## WORK REQUEST
Please restate, exactly, only the lines from the beginning of the listing below through the line containing "不要なユニットを送り出すと「交易pt」に交換が可能!", with the pictures left out.

## DATASET EXTRACT
• • •
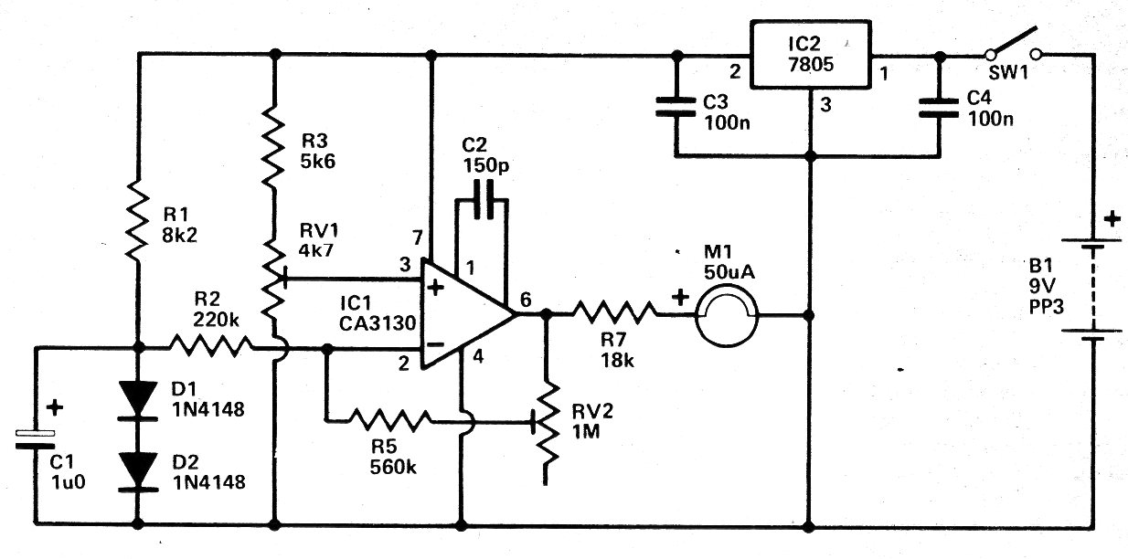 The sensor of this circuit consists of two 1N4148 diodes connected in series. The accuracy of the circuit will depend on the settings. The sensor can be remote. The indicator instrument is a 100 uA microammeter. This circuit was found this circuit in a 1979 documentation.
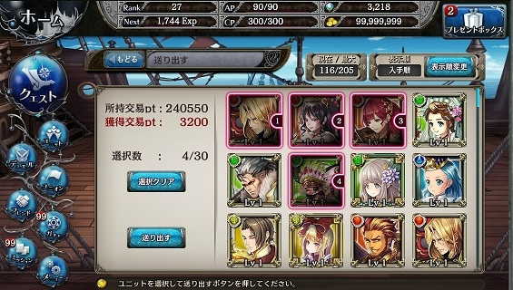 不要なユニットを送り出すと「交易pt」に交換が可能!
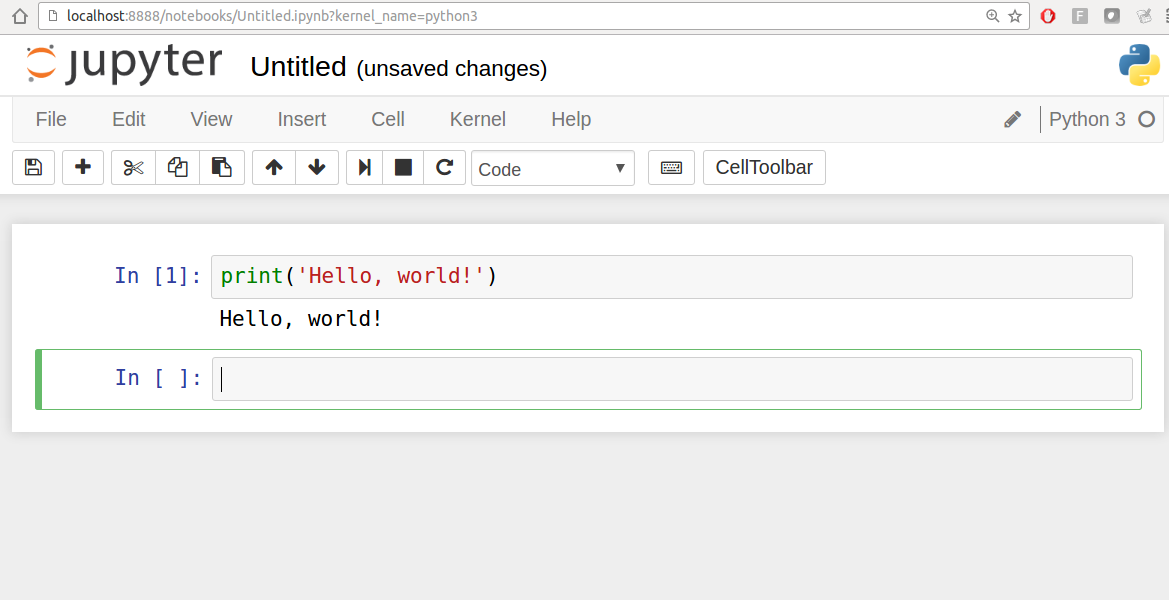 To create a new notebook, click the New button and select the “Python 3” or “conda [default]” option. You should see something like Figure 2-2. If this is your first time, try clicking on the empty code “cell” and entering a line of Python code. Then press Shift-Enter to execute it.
• • •
## OUTPUT
 The sensor of this circuit consists of two 1N4148 diodes connected in series. The accuracy of the circuit will depend on the settings. The sensor can be remote. The indicator instrument is a 100 uA microammeter. This circuit was found this circuit in a 1979 documentation.
 不要なユニットを送り出すと「交易pt」に交換が可能!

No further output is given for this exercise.